Mr Ahmadinejad had hoped a robust performance by his candidates would give him a political lifeline and a say in who succeeds him in the presidential election next year when his second term ends.

But out of 189 winners declared by noon yesterday, at least 97 were conservative opponents of the president, the Associated Press reported. Also elected were six liberal-leaning candidates opposed to him. The remaining 86 seats were split between the president's supporters and centrists.

In a particular embarrassment, Parvin Ahmadinejad, his younger sister, was defeated by a conservative in their hometown of Garmsar, Iran's semi-official Mehr news agency reported.

Whatever the complexion of the new 290-seat parliament, internecine fighting among Iran's ruling hardliners appears set to continue.

The president, as pugnacious as he is populist and polarising, will not see out his second and final four-year term without a fight, many experts said.

"Ahmadinejad and his friends will not step aside quietly," said a political analyst in Tehran who requested anonymity.

The fractious regime as a whole expressed delight with "epic" voter turnout, which officials said initial estimates showed to be about 65 per cent, almost 10 per cent more than the last parliamentary elections in 2008.

State media trumpeted this as a "great slap in the dirty and hateful face of the West", declaring the "enemy" had been left "disappointed and angry".

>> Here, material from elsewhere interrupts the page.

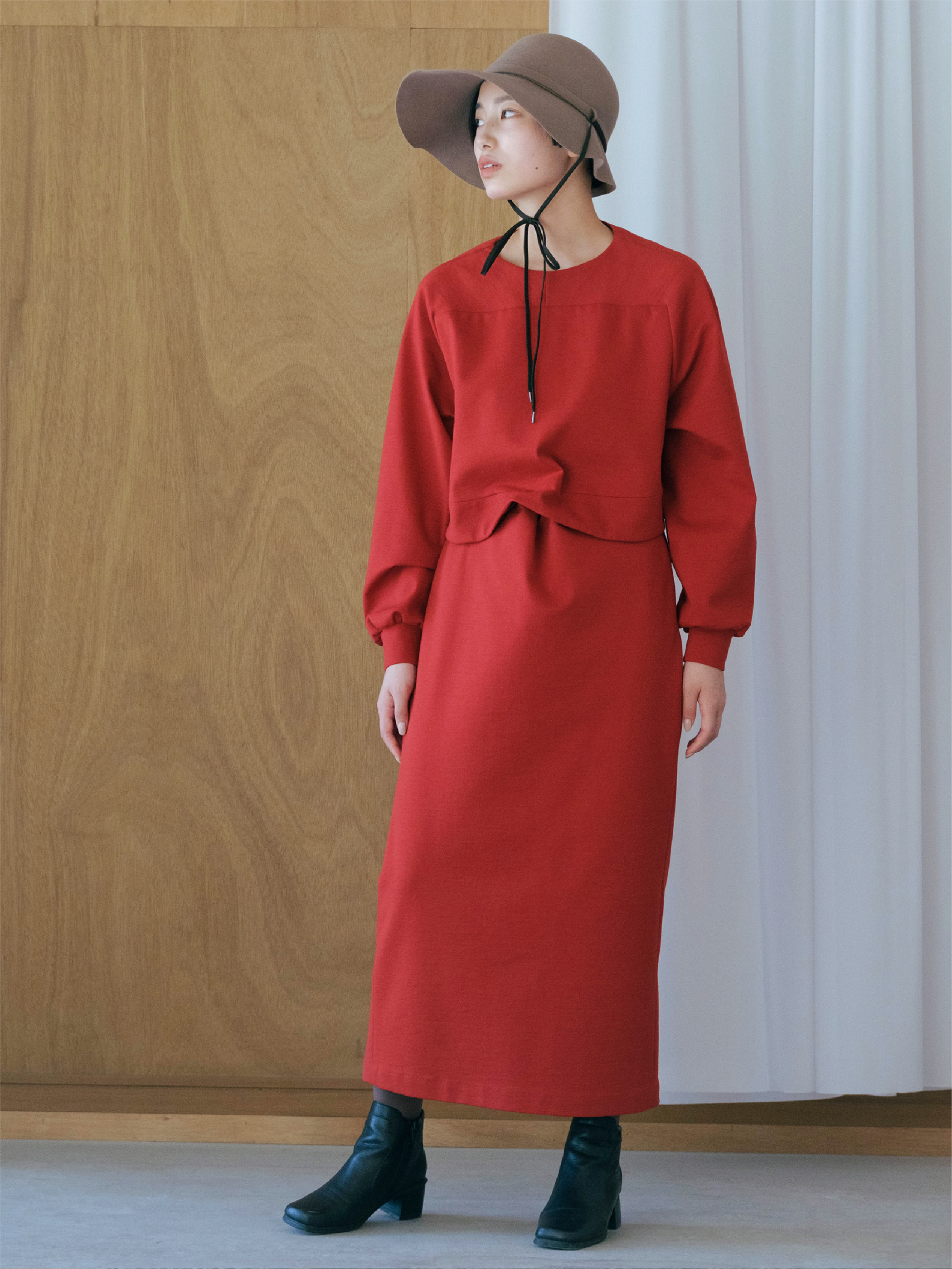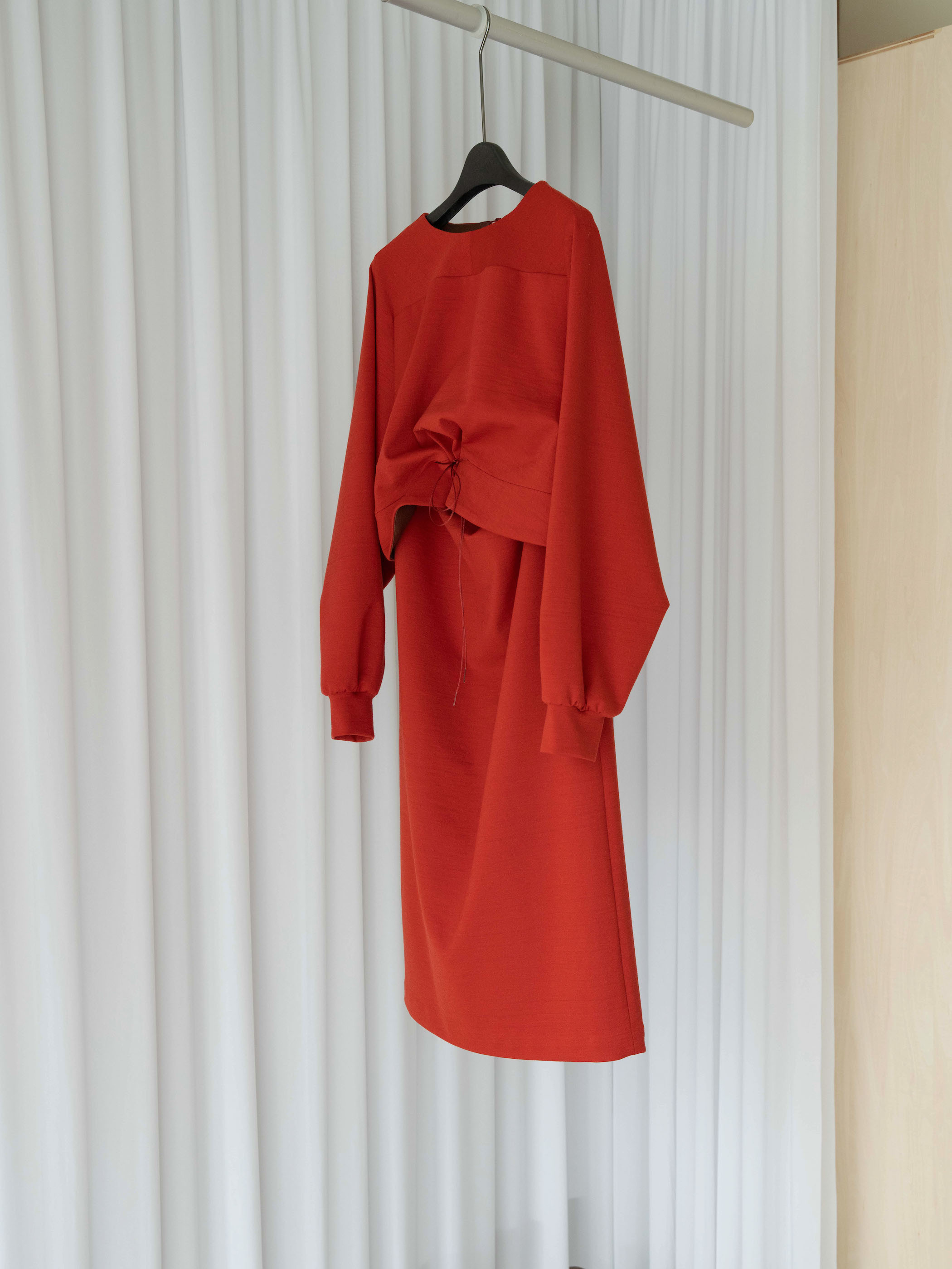 ドッキングドレスは、トップスとスカートのセットアップで、互いを紐でドッキングしても着用可能。

According to Iran's official narrative, the Islamic republic's western foes and Israel had hoped for a low turnout that would weaken the regime, making it easier to pressure Tehran over its nuclear programme.

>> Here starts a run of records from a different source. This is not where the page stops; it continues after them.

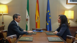 Pedro Fernández analiza con la nueva presidenta de la CHG la gestión eficiente y eficaz del agua para garantizar el desarrollo social y económico de Andalucía. 28 de septiembre de 2025.- El delegado del Gobierno de España en Andalucía, Pedro Fernández, ha recibido a Gloria María Martín, nueva presidenta de la Confederación Hidrográfica del Guadalquivir (CHG), organismo dependiente del Ministerio para la Transición Ecológica y el Reto Demográfico (MITECO), a quien ha trasladado su enhorabuena por “situarse al frente de una autoridad hidrográfica donde el aprovechamiento y la gestión eficaz y eficiente de este recurso natural resulta esencial para el desarrollo económico y social en nuestra comunidad, seriamente afectada por las consecuencias del cambio climático”.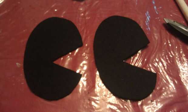 Corte la pupila del ojo del patrón. Voltee a la pupila quede su parte trasera y del rastro dos veces en fieltro negro. Recorte.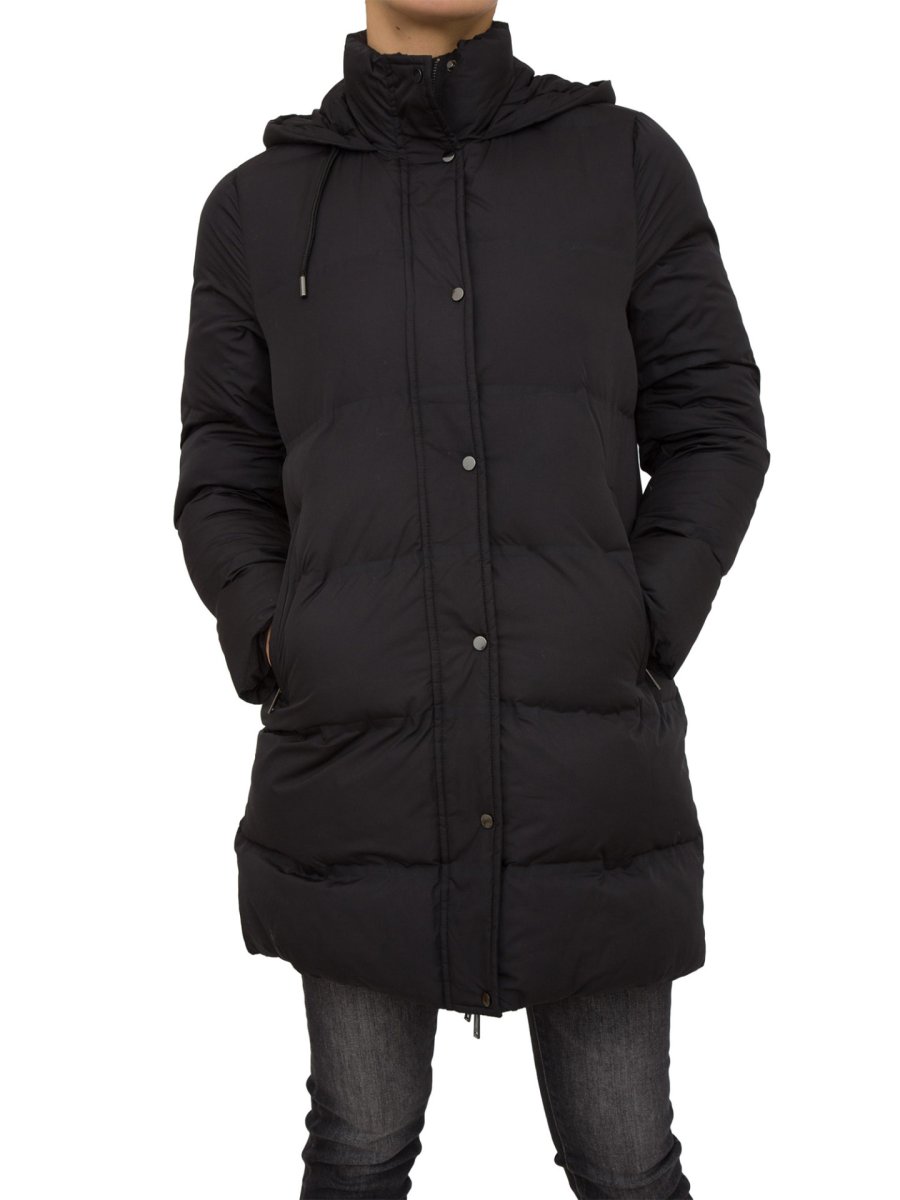 Piumino invernale lungo Kocca, trapuntato, con collo alto, cappuccio, chiusura con bottoni automatici color oro e tasche laterali con cerniera.

But with no independent monitors, it was impossible to confirm the turnout which the regime views as a popular endorsement of its legitimacy.

The vote was only a limited test of political opinion since leading reformist groups either boycotted the election or were banned from competing.

Moreover, all candidates were screened for their loyalty to the Islamic establishment by an unelected, hardline vetting body controlled by Ayatollah Khamenei.

Britain's foreign secretary, William Hague, said the election was not free or fair.

"The regime has presented the vote as a test of loyalty, rather than an opportunity for people to freely choose their own representatives," he said.

Iranian media reported Ali Larijani, the speaker of the outgoing parliament and a bitter opponent of the president, had scored a big victory in Qom.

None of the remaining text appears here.